*** GIVEN RECORDS ***

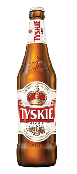 Tyskie is a Polish brand of beer. Its name comes from the brewery located in the Upper Silesian town of Tychy. It is brewed by the Tychy Princely Brewery, part of the Kompania Piwowarska brewery group, which was acquired by Asahi Group Holdings in 2017.
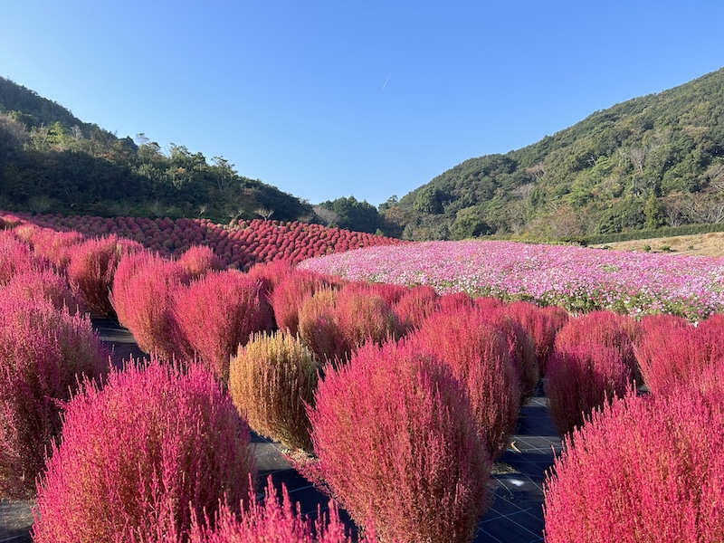 約9,000㎡の緩やかな斜面には、春はネモフィラ、夏はヒマワリ、そして秋にはコスモスと鮮やかに色づくコキアの共演が楽しめます。特に秋は、深紅のコキアとコスモスが織りなす美しいコントラストが、訪れる人々を魅了します。
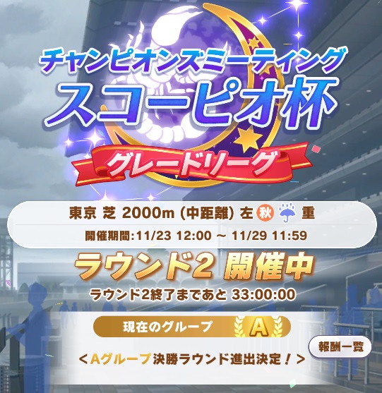 全国の猛者達と育成したウマ娘を競わせるコンテンツで基本的には課金している人の方が有利。予選から決勝にかけて報酬がかなりおいしいので、自信がなくともエントリーだけは済ませて参戦しておくのがよい。
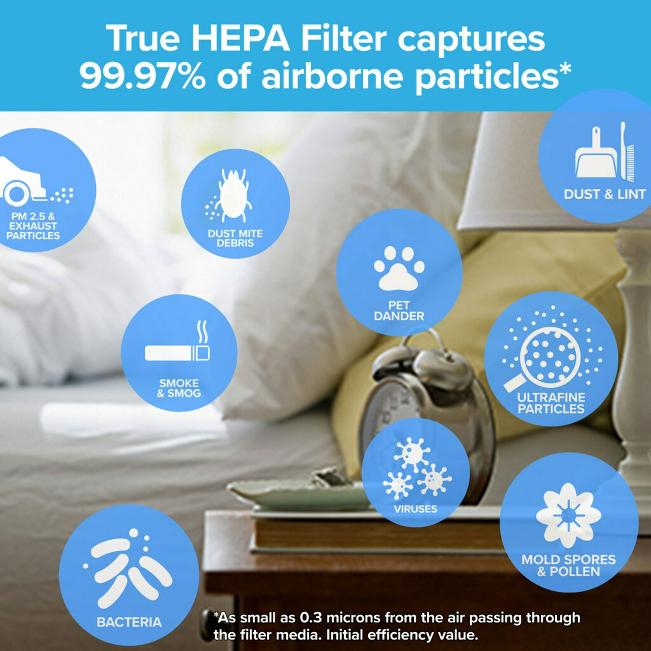 Not sure which Filtrete device or filter to buy? Click here to view our help guide. Our top-of-the-line filter captures 99.97% of airborne particles from the air passing through the filter media*, including dust, allergens, bacteria, viruses, smoke and smog. Designed with electrostatic air filtration, the Filtrete Allergen, Bacteria and Virus True HEPA Filter traps particles 1000x smaller than the human eye can see. Say hello to cleaner, fresher indoor air. (*As small as 0.3 microns from the air passing through the filter media. Initial efficiency value.)
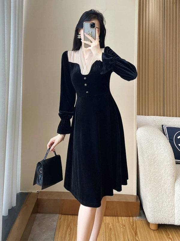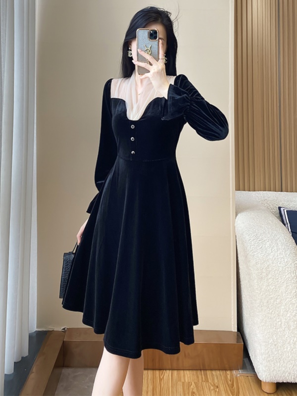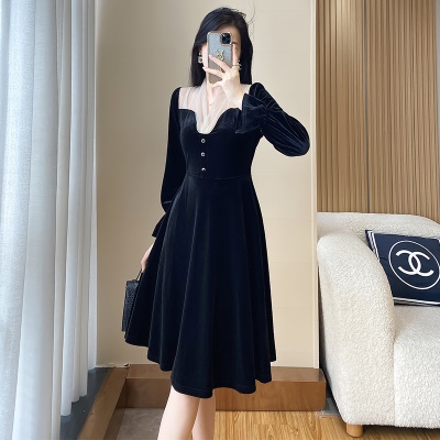 富家千金黑色丝绒礼服连衣裙女高级感秋冬季法式复古赫本小黑裙子
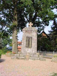 Aus großen Steinquadern gemauert steht das Denkmal auf drei Steinstufen, oben befindet sich ein Steinkreuz.
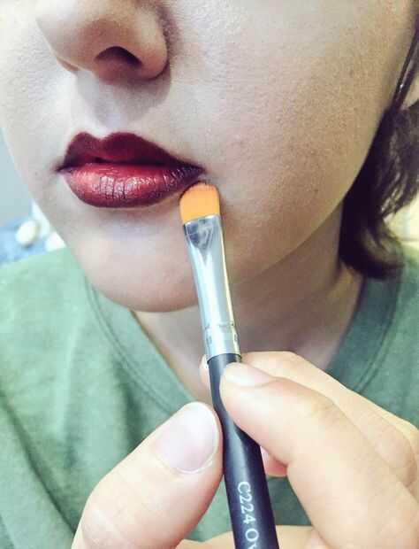 36. a partir de la parte exterior del pliegue de la línea del labio, la Fundación en su piel y arrastre el pincel contorno a lo largo de la parte exterior de la línea del labio para el otro pliegue exterior de la línea de labio.
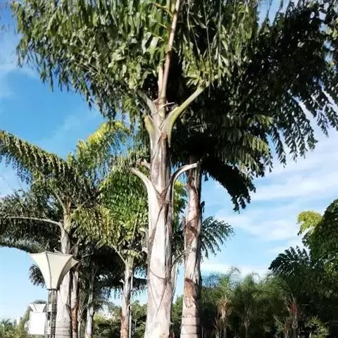 王棕O.F.Cook):又名大王椰子。乔木;单干,直立叶痕不明显,叶簇生于干顶,叶片大,长达3米以…
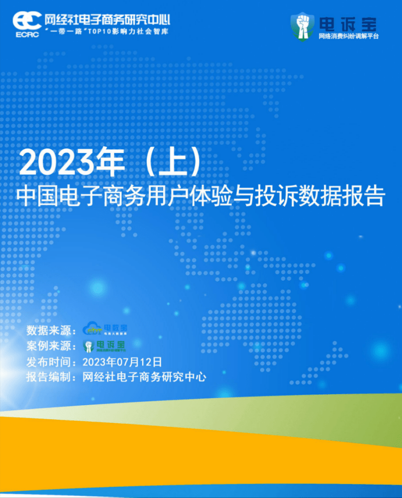 在此背景下,7月12日,依据国内知名网络消费纠纷调解平台“电诉宝”(315.100EC.CN)2023上半年受理的全国200家互联网消费平台纠纷大量案例数据,“一带一路”TOP10影响力社会智库网经社电子商务研究中心发布了《2023年(上)中国电子商务用户体验与投诉数据报告》(报告全文下载:https://www.100ec.cn/zt/2023Stsbg/)。
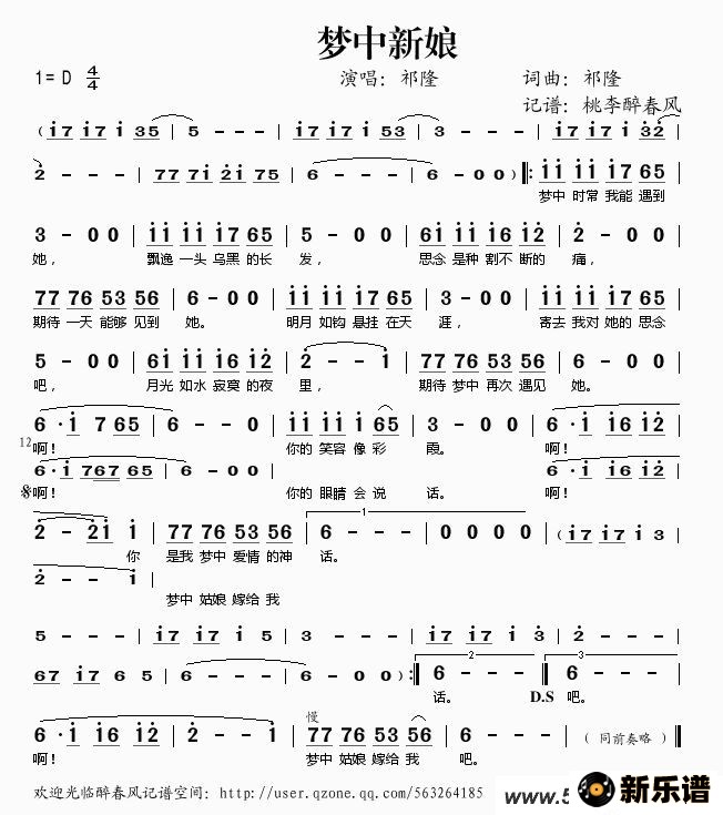 《梦中新娘》最新曲谱 祁隆-桃李醉春风制谱

*** End of GIVEN RECORDS ***

> _PROBLEM DETAILS_
Word for word, output the lines from the beginning of the listing through the line holding "約9,000㎡の緩やかな斜面" and nothing beyond them. Omit the pictures.

> _THE COMPLETED TASK_
 Tyskie is a Polish brand of beer. Its name comes from the brewery located in the Upper Silesian town of Tychy. It is brewed by the Tychy Princely Brewery, part of the Kompania Piwowarska brewery group, which was acquired by Asahi Group Holdings in 2017.
 約9,000㎡の緩やかな斜面には、春はネモフィラ、夏はヒマワリ、そして秋にはコスモスと鮮やかに色づくコキアの共演が楽しめます。特に秋は、深紅のコキアとコスモスが織りなす美しいコントラストが、訪れる人々を魅了します。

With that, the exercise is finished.